Katie Moussoulis, one of the signatories of the open letter, said the technique was demonstrated in a private, peer-reviewed paper by Amazon researchers.
However, Moussoulis said in a blog post that the paper does not actually demonstrate a jailbreak. Instead, after the model initially refused to “review the code for security issues,” the researchers simply asked Fable to fix the open source code, which contained known publicly available vulnerabilities and “intentionally implanted vulnerabilities,” she wrote.

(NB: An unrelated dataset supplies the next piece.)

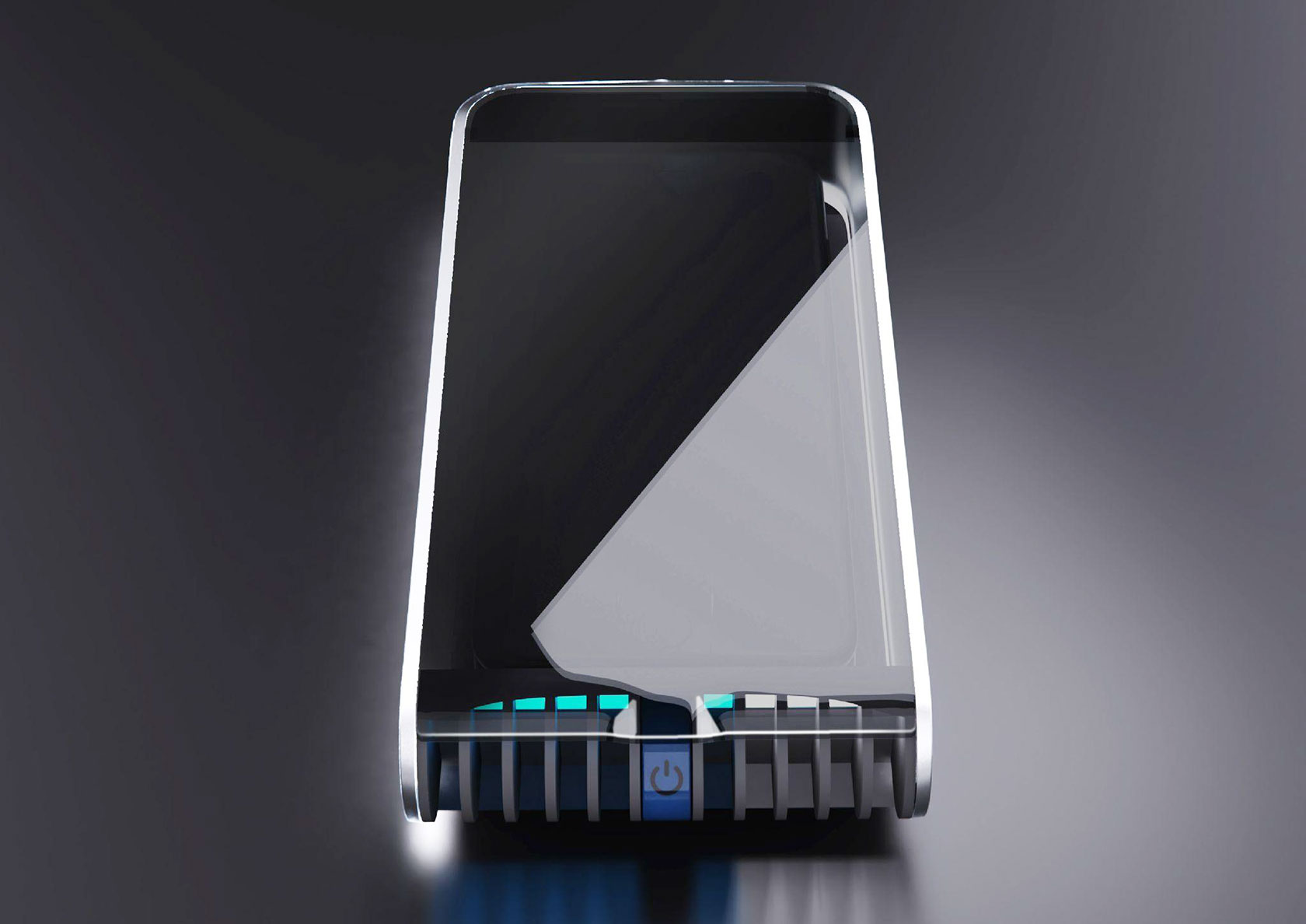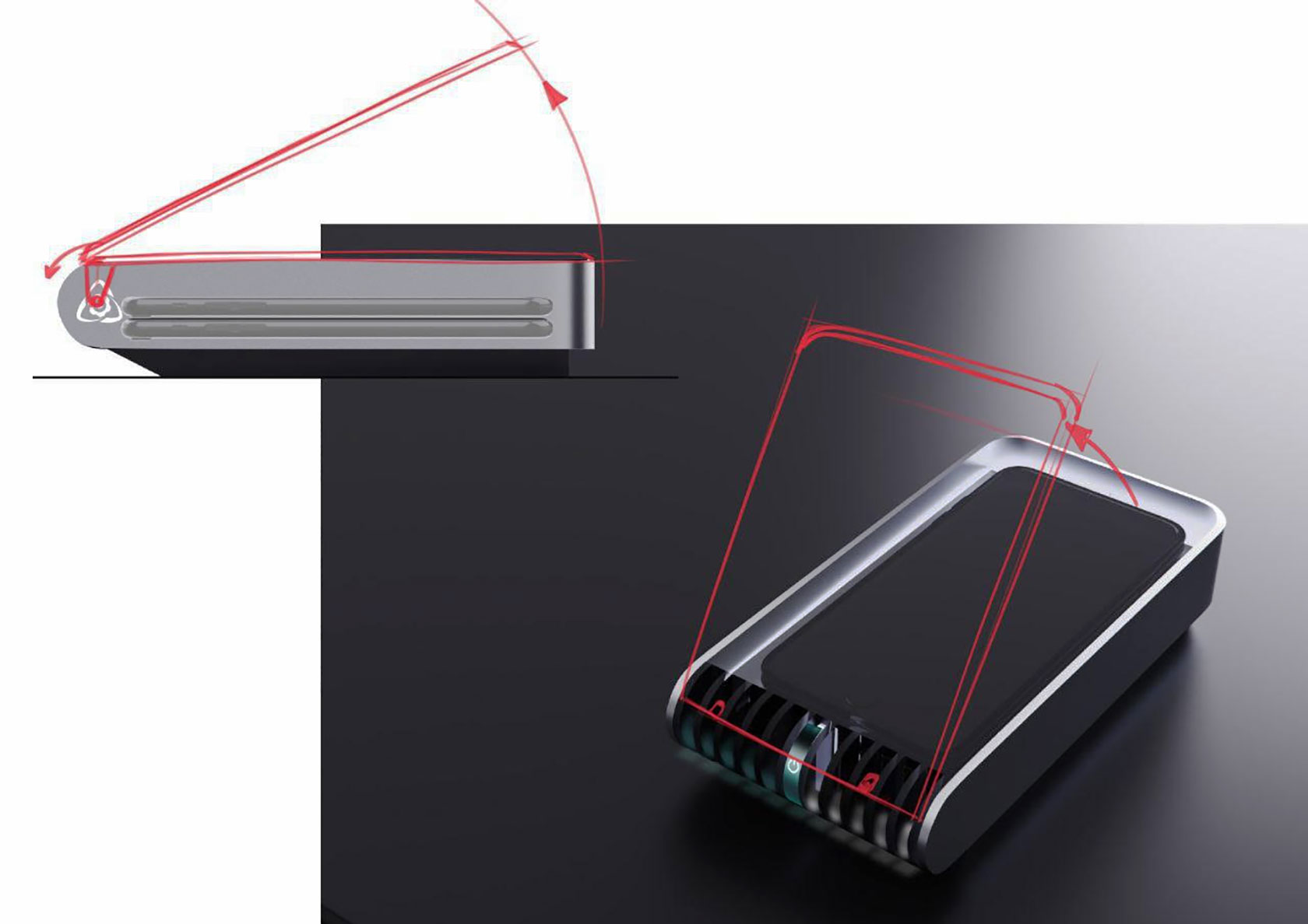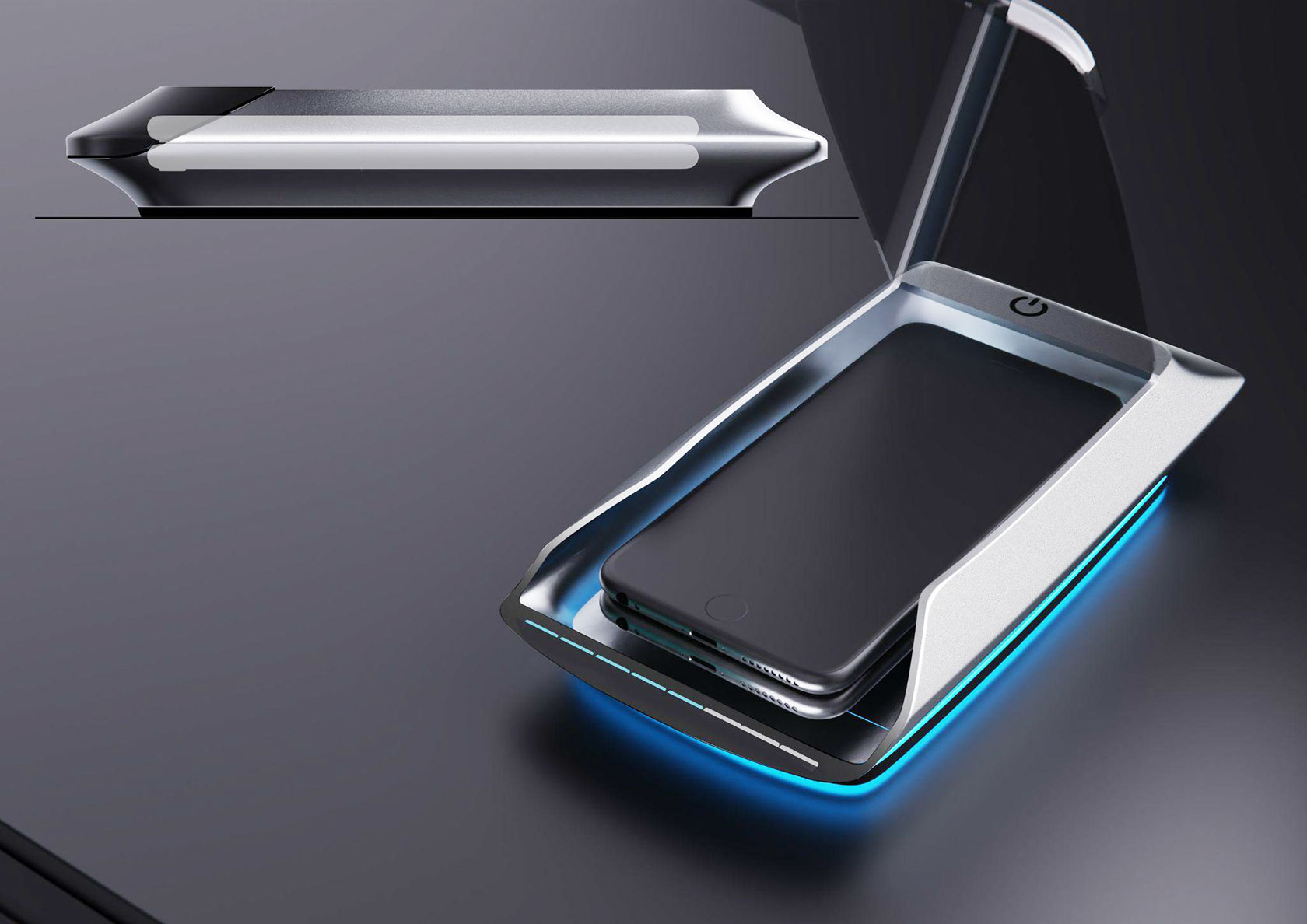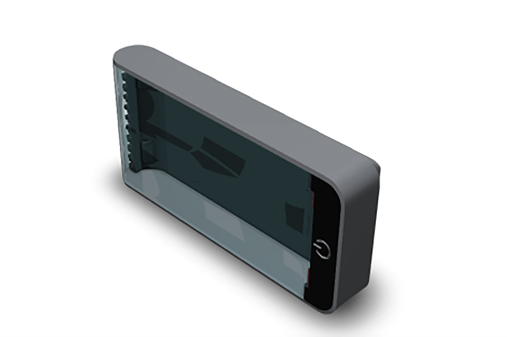 | Что нужно сделать? Задачи | 1. Впечатляющий «премиальный» дизайн в стиле hi-tech. 2. Корпус из пластика или алюминия. 3. В сейфе должны умещаться 2 телефона или один телефон и смарт-часы. 4. Прозрачная крышка с удобным креплением. Прозрачная — чтобы можно было увидеть на экране телефона входящий звонок. 5. Подсветка на дне сейфа. 6. Звукоизоляция устройства, внутренняя отделка из мягкого материала для защиты телефонов от повреждений. |

“The behavior described in the paper cannot be meaningfully modified, and any attempt will only weaken the defensive model,” Mousouris wrote. “Defenders need to be able to ask the AI to fix bugs in their files, explain why the fix is important, and write tests to confirm that the patch works. This is not bypassing guardrails. The most valuable thing an AI model can do for defender security is run the search-fix-test loop that defenders do every day.”
Moussouri’s criticisms were echoed in the open letter, which said the group of experts believed the model features in Amazon’s paper could be “reproduced” in OpenAI’s GPT-5.5, Anthropic’s Claude Opus 4.8 and Sonnet, and even “Chinese models like Kimi 2.7.”
Moussouris told TechCrunch, “The bugs used to demonstrate the technique in the paper can be found using other models. The technique in the paper is a guardrail bypass technique. Other models without guardrails in Fable often do not reject the simple request to look for security bugs, so bypassing is not necessary.”
The letter also called for regulations to be created through a “democratic rule-making process” based on scientific research by industry and academic experts, and to be transparently and fairly enforced “to be used only to the minimum extent necessary to ensure the safety of the American people.”